Pero, gracias a boricua Ismael Rivera y su canción cumbre de 1974, El Nazareno, este pueblo de apenas dos mil habitantes, a casi dos horas de Ciudad Panamá, se inmortalizó. Maelo Rivera hizo para Portobelo, lo que el pintor español Pablo Picasso hizo para el poblado de Gernika, en el País Vasco, enclavado en España. Ambos dejaron en sus obras creativas un legado para la historia, para la humanidad, a partir de un pueblo y una obra artística.

Pero hoy Panamá, país sumido en unos niveles de corrupción política insoportables, así como en una desigualdad económica poco reconocida, convive con una expansión inmobiliaria dirigida a inversionistas extranjeros; combinado este modelo, con un fuerte empuje al turismo internacional. La fórmula aplicada en Panamá, de corte neoliberal y sin fondos federales como lo es el caso de Puerto Rico, deja a este país en la convivencia entre personas con mucho poder económico ante asalariados, desempleados y marginados, con poca o ninguna capacidad económica para poder participar en la economía de mercado que aquí es la dominante.
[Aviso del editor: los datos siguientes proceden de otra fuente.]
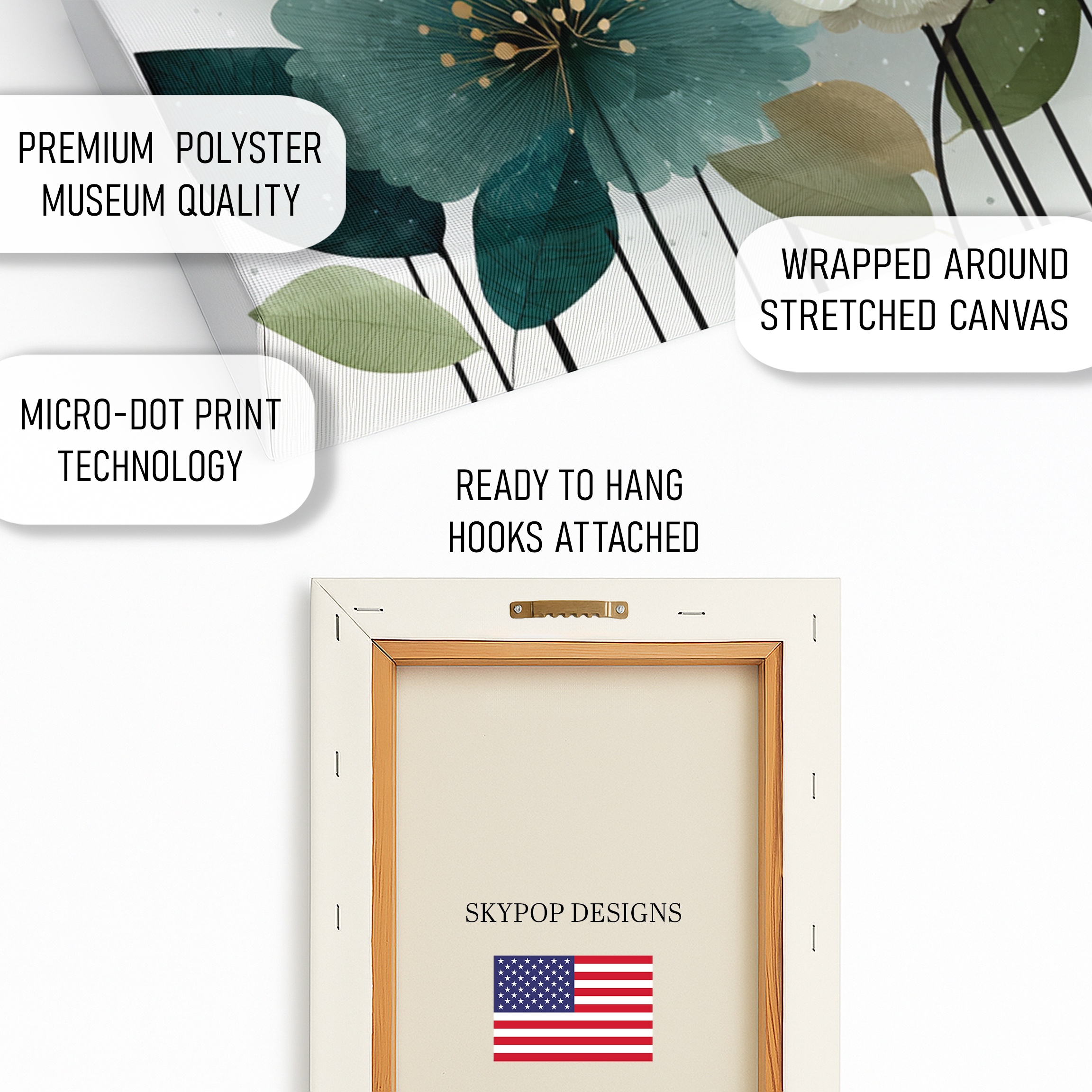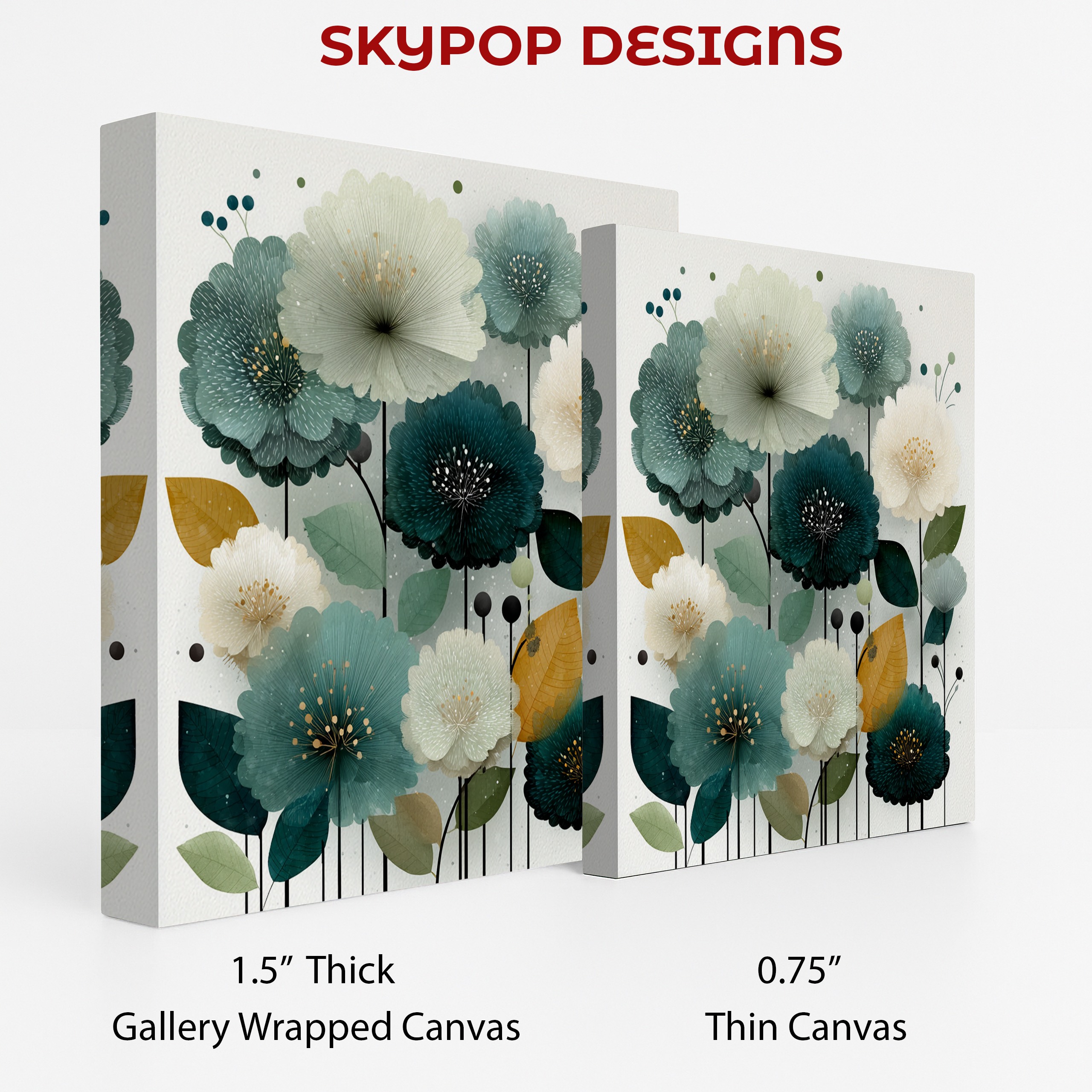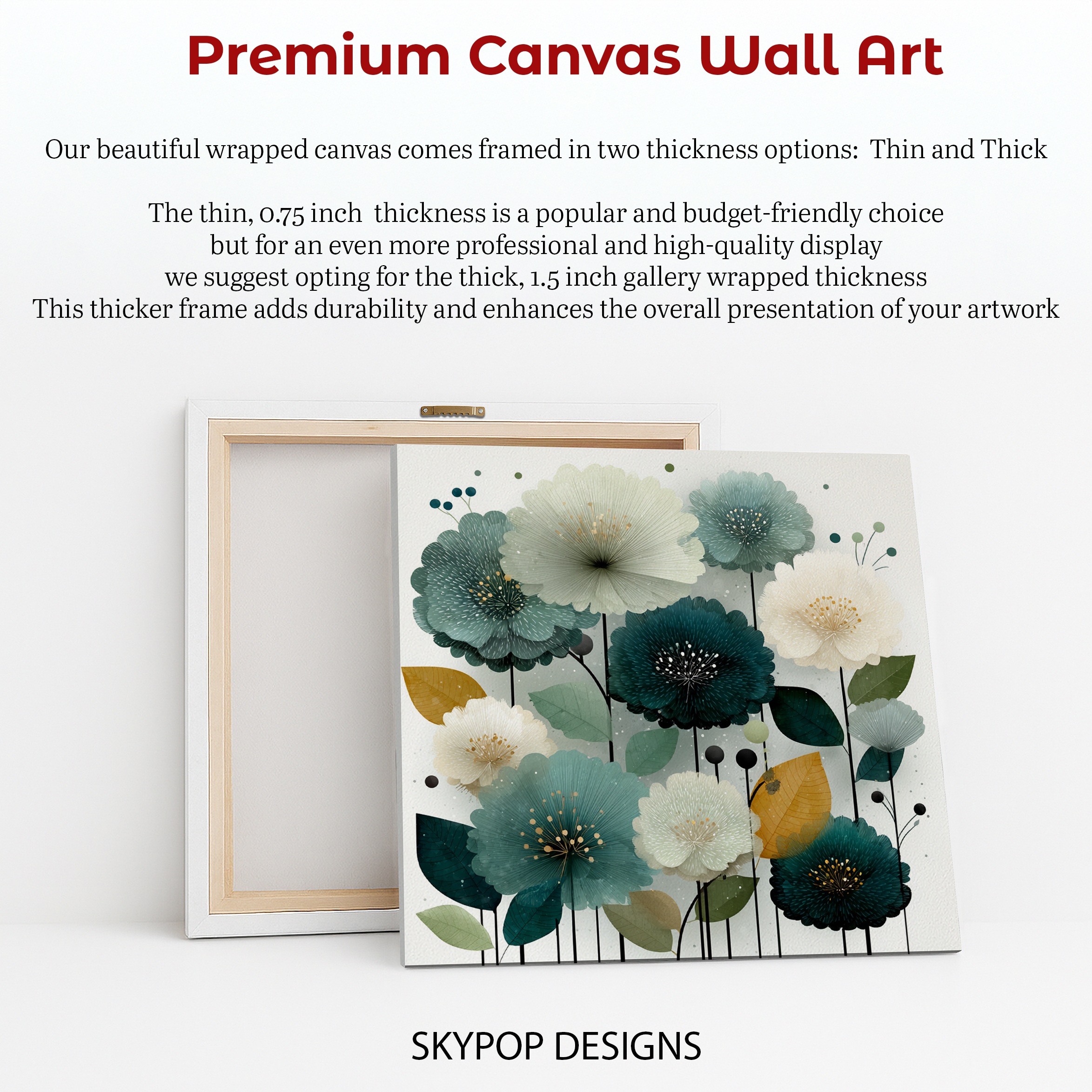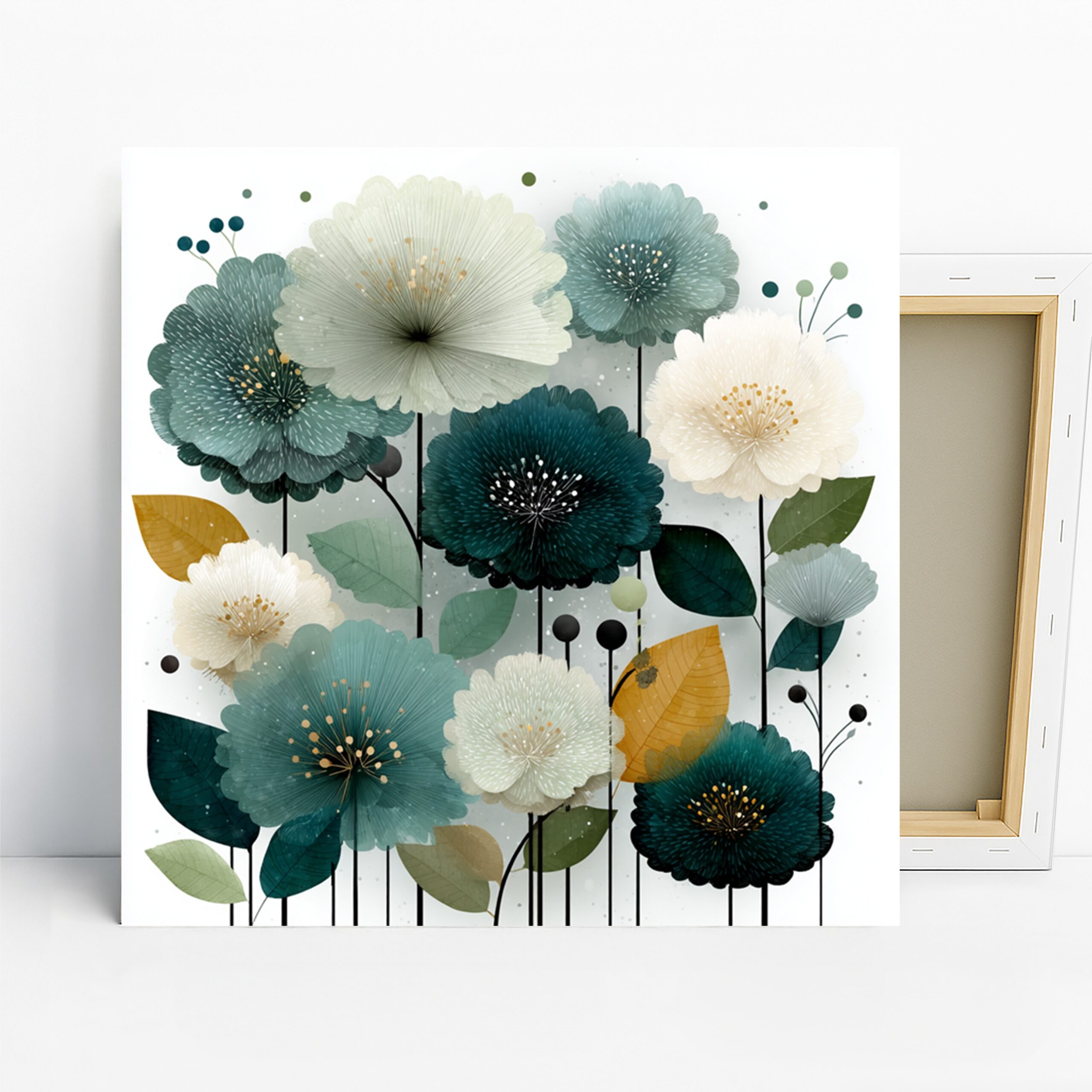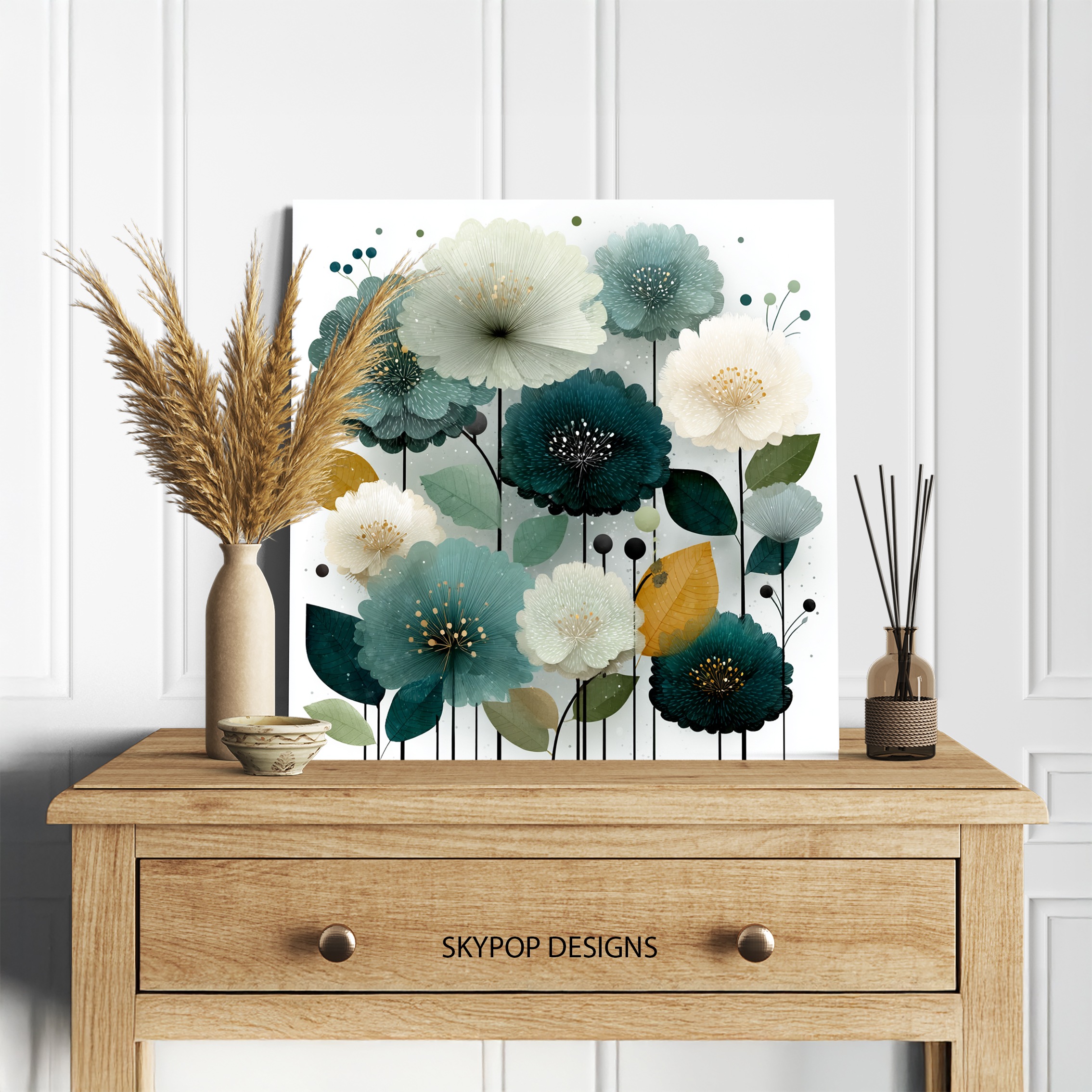 Transform your space with this stunning teal floral canvas wall art, perfect for adding a touch of modern elegance to any room. The striking composition features large, stylized blooms in various shades of teal, white, and green, creating a captivating focal point that instantly elevates your decor. This contemporary floral poster seamlessly blends nature-inspired elements with a sleek, minimalist aesthetic, making it ideal for modern living rooms or Scandinavian-style bedrooms. The cool teal palette evokes a sense of calm and tranquility, while pops of yellow add warmth and energy to the overall design. Ideal for those who love botanical themes without overwhelming traditional floral motifs, this piece brings a fresh, contemporary vibe to your walls. The abstract quality of the flowers allows for versatile placement, whether as a statement piece in your dining room or as part of a gallery wall in your home office. High-quality printing ensures every delicate detail and brushstroke is captured, from the intricate flower centers to the subtle leaf textures. This canvas art adapts beautifully to various color schemes and decor styles, making it a perfect housewarming gift or a treat for yourself to refresh your space. Whether you’re looking to create a serene bedroom retreat or a inspiring home office environment, this teal bloom artwork delivers both style and sophistication. Enhance your home’s atmosphere with this unique blend of floral beauty and modern design. Add this versatile and eye-catching canvas to your wall art collection today and watch your space bloom with contemporary charm.

Regresar a Portobelo, más allá de la estatua de Ismael Rivera dedicada a él y a las caras lindas de mi gente negra, aquí, de América Latina, es también encontrarnos con el poblado dividido entre los blancos, nacionales o internacionales, que van poco a poco comprando todas las casas de los pobladores originales para convertirlas en pequeños hostales para europeos y norteamericanos caucásicos. Es decir, la desigualdad del capital se convierte en la desigualdad en el consumo entre blancos que participan y negros que están excluidos.

Volver a Portobelo hoy, es pensar que El Nazareno, realmente hablando, no cuidó de mis amigos. Pensemos.